→ **WORK TO BE COMPLETED**: Beneath this line are entries. Copy the range from the line with "Aries Zodiac Carved" to the line with "王春天同志虽已牺牲,但他却留", ends included, exactly; leave pictures out.

→ **SUPPLIED DATA**:
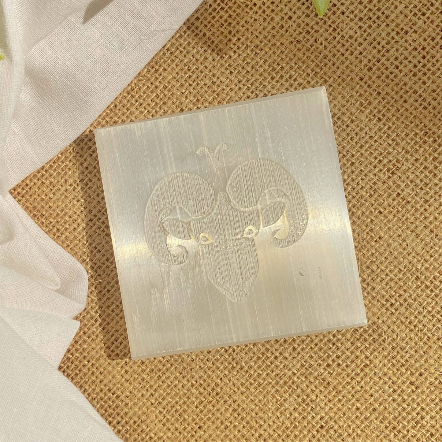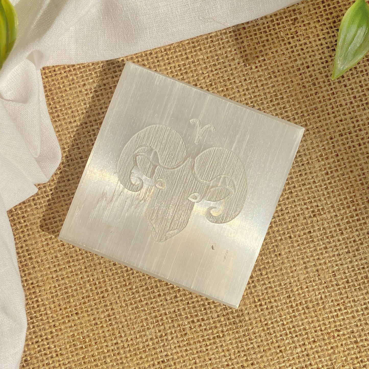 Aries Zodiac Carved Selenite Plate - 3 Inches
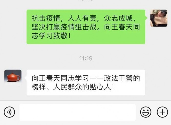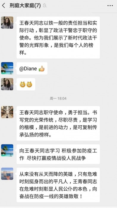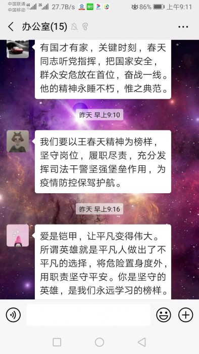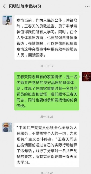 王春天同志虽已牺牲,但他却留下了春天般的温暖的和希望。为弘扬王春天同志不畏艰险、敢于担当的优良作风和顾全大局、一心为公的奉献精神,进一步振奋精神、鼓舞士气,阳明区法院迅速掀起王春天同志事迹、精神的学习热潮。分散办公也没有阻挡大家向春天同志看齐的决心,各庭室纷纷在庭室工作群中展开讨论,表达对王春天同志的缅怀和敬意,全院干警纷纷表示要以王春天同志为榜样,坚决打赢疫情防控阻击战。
...
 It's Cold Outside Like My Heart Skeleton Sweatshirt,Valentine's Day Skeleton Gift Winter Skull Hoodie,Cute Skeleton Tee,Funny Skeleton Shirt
...
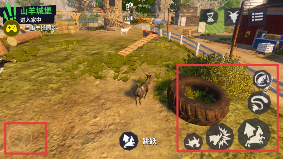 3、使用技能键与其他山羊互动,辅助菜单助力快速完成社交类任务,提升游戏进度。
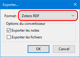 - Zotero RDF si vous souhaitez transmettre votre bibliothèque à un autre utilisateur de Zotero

→ **ANSWER BELOW**:
 Aries Zodiac Carved Selenite Plate - 3 Inches
 王春天同志虽已牺牲,但他却留下了春天般的温暖的和希望。为弘扬王春天同志不畏艰险、敢于担当的优良作风和顾全大局、一心为公的奉献精神,进一步振奋精神、鼓舞士气,阳明区法院迅速掀起王春天同志事迹、精神的学习热潮。分散办公也没有阻挡大家向春天同志看齐的决心,各庭室纷纷在庭室工作群中展开讨论,表达对王春天同志的缅怀和敬意,全院干警纷纷表示要以王春天同志为榜样,坚决打赢疫情防控阻击战。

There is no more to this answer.